SPINNIN' is a honest but optimistic painting of the human heart. The characters say "Love has sharp edges. Wound keeps you alive." several times as a chorus. I agree from the bottom of my heart, but, like "some kind of magic" you leave the cinema wanting to chase your own dreams, having a more optimistic way to look the rest of the human kind and hoping to enjoy the next relationship whatever it takes.

Alternately amusing and poignant. SPINNIN' is a beautiful mix of hard situations making people cry and smartly funny scenes making people laugh a lot with surprisingly ingenous ideas. (Maybe too many for 110 minutes). A whirlwind of emotions, delightful scenes with wonderfully written dialogs and amazing performances for the whole cast.
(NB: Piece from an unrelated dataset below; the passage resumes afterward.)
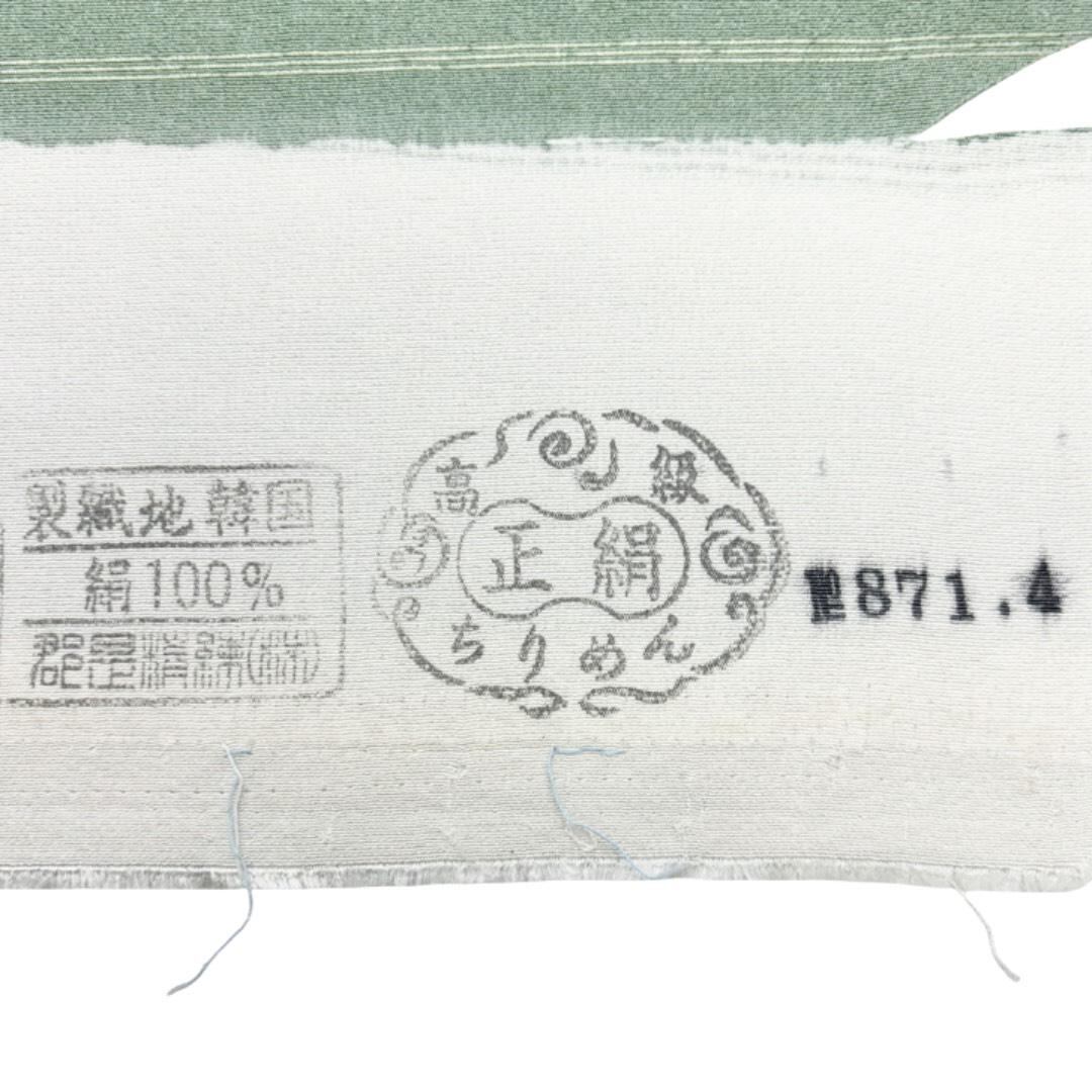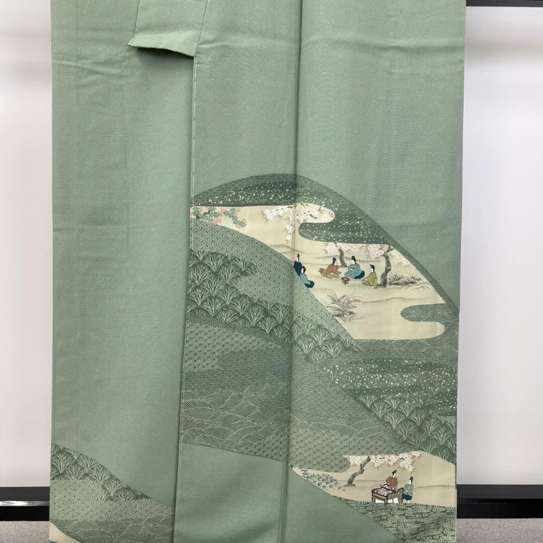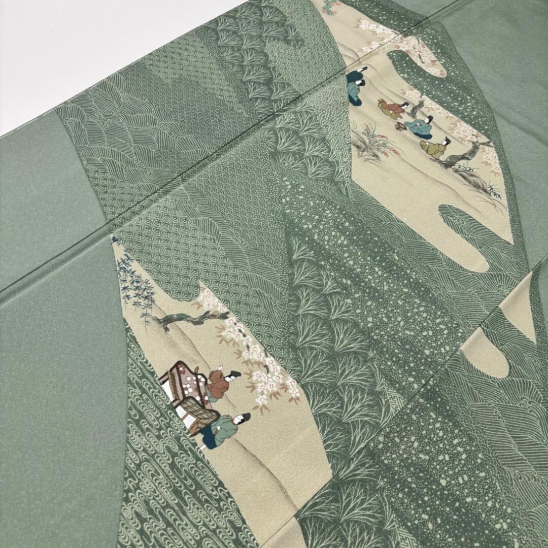 青磁色のお色味に遠山に人物柄がデザインされた素敵な柄裄のお品でございます。
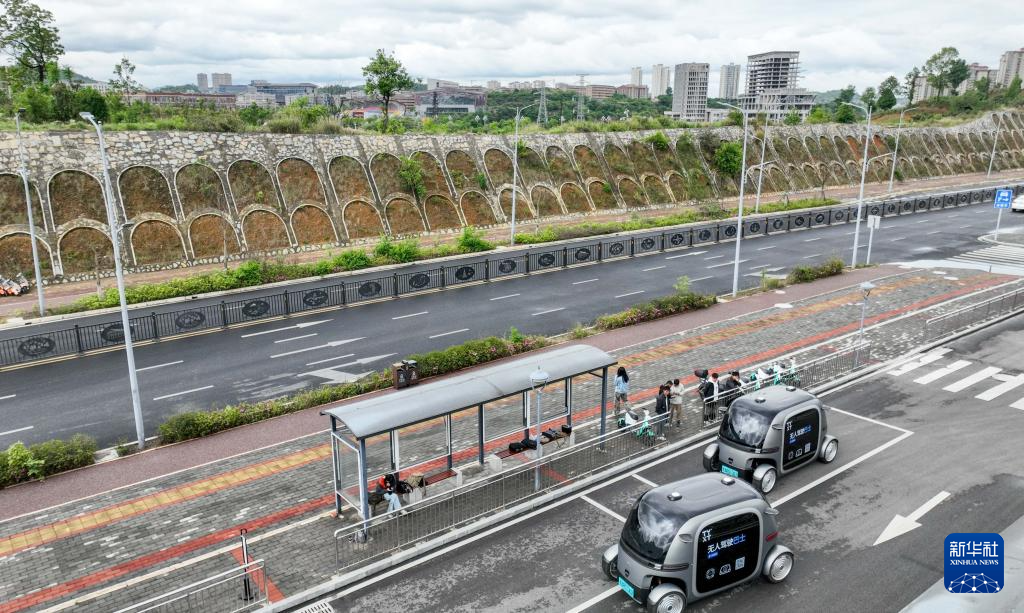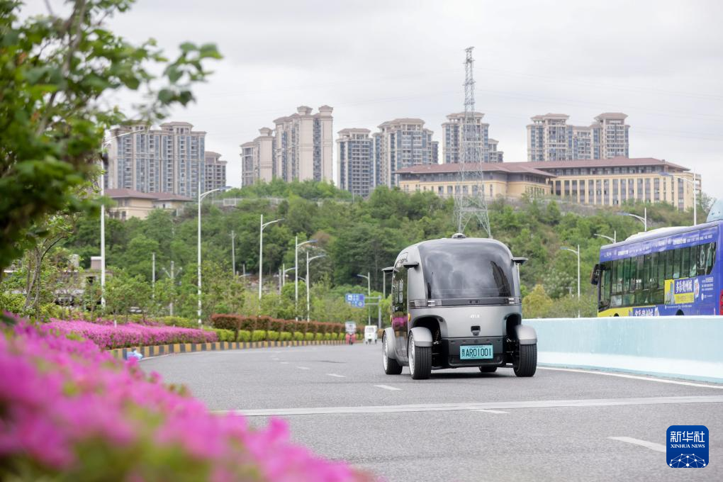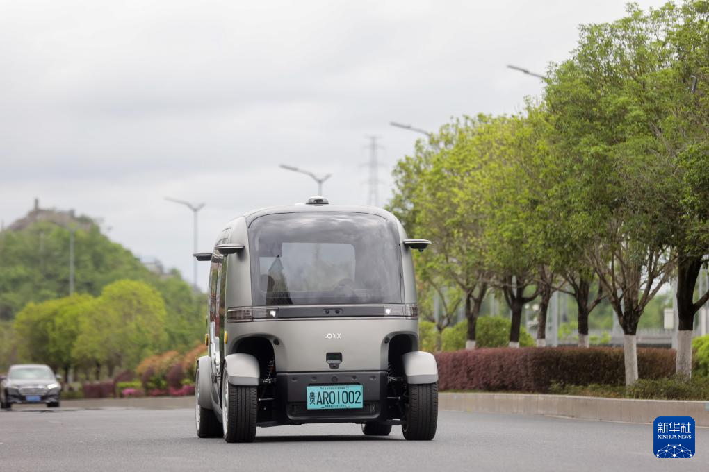 4月24日,无人驾驶公交车在贵阳市花溪大学城公交车站附近行驶。新华社记者 刘续 摄

The stories are told in a charming cheeky way keeping you so close to the characters and making real easy to identify with them and their problems. Stunning images and a beautiful soundtrack, plenty of envolving and rocking songs, dress the salad.

I must confess that I'd never thought about fatherhood among gay men as an appropriate condition. Watching SPINNIN' I realize for the very first time how normal, "natural" and appropriate it can be.

I definitely agree, nobody should miss SPINNIN'. It's real quality material and one of the most enjoyable experiences in that last years cinema.